:: DATA SHOWN ::

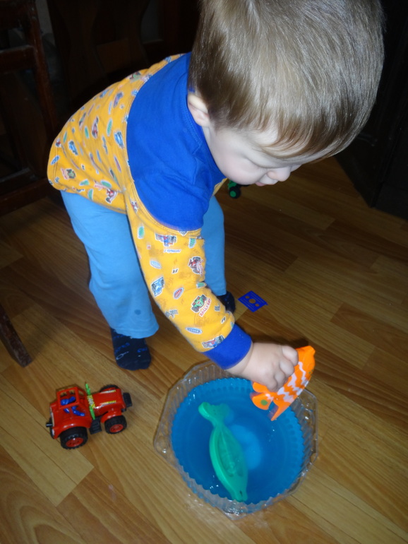 Выловили рыбок и большую ракушку. Запустили бумажный кораблик. Дуть у Женьки ещё не получается, только разочек плюнул от усердия :) Устроили бурю венчиком, кораблик утонул. Куча восторгу: "буран!", "Утону!" Пришлось повторить уже с чистой водой и новым корабликом. Конечно, трактора тоже немного искупались. Проверили тонет ли маленький танк. Танк тонуть отказывался, несмотря на совместные усилия :)
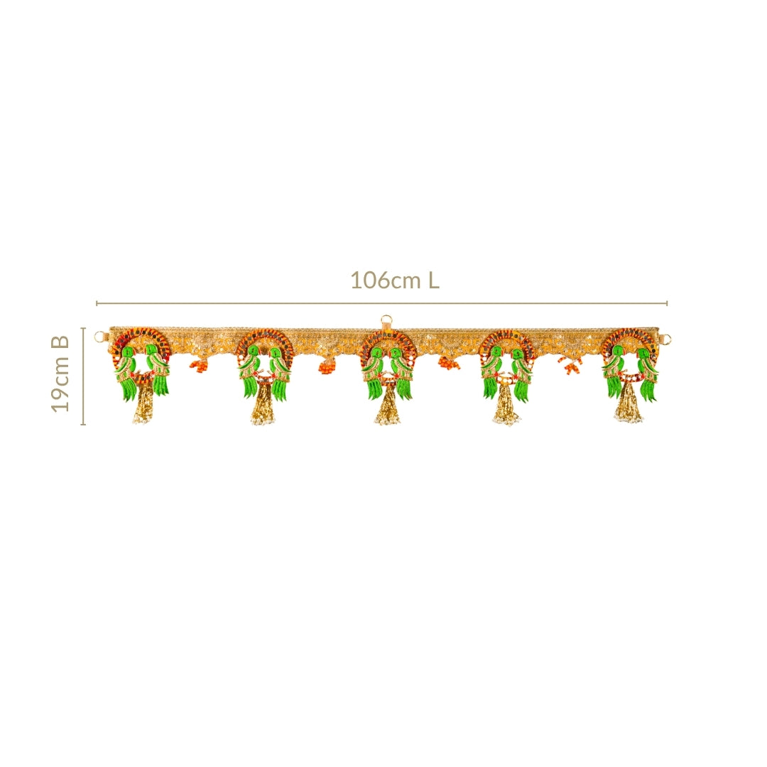 Design: This toran is crafted on a golden fabric base with a lace-like texture that gives it a rich, festive appearance. It features hand-crafted parrot motifs in pairs, designed in bright green with detailed embroidery and stone embellishments. Small circular mirrors are embedded across the top border to reflect light and enhance visual appeal. Each motif is finished with dangling bead and pearl tassels, along with red-orange beaded hangings that add movement and colour. Loop rings are attached for easy hanging across standard doorways or windows, making it ideal for gate decor and wall decoration.
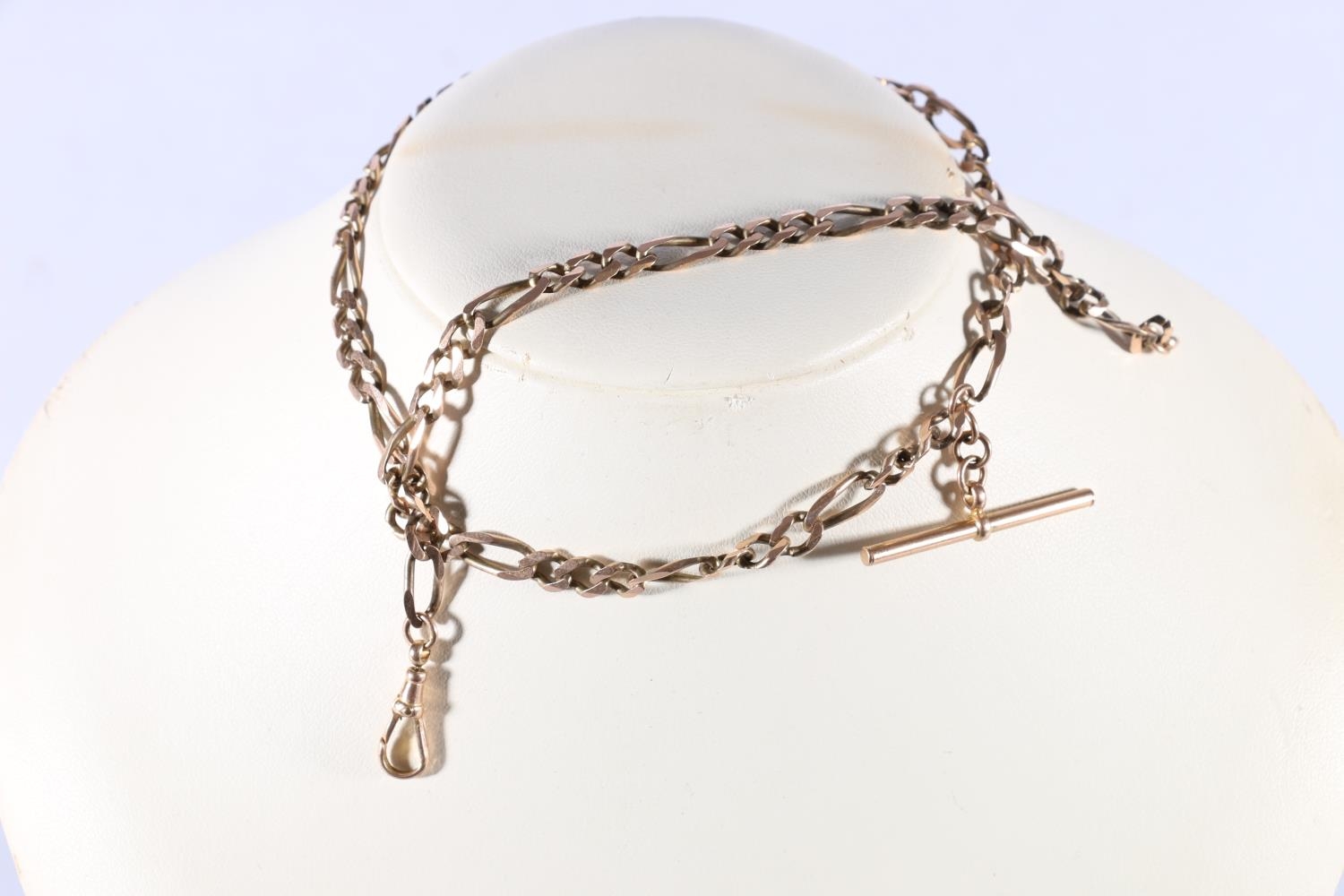 9ct rose gold faceted curb link watch guard, 18.9g
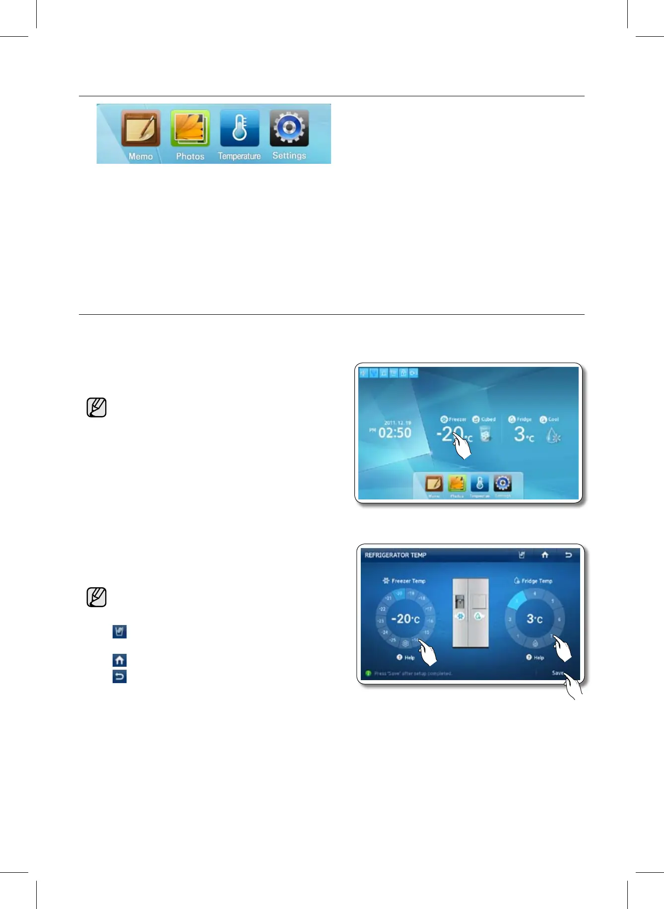 Settings : Lets you set the refrigerator’s basic functions such as Door Alarm, Time, etc.4.

:::

TO DO:
Write out, exactly and only, the lines from the one containing "Design: This toran" through the last line of the material above. Pictures do not go in the copy.

EXERCISE OUTPUT:
 Design: This toran is crafted on a golden fabric base with a lace-like texture that gives it a rich, festive appearance. It features hand-crafted parrot motifs in pairs, designed in bright green with detailed embroidery and stone embellishments. Small circular mirrors are embedded across the top border to reflect light and enhance visual appeal. Each motif is finished with dangling bead and pearl tassels, along with red-orange beaded hangings that add movement and colour. Loop rings are attached for easy hanging across standard doorways or windows, making it ideal for gate decor and wall decoration.
 9ct rose gold faceted curb link watch guard, 18.9g
 Settings : Lets you set the refrigerator’s basic functions such as Door Alarm, Time, etc.4.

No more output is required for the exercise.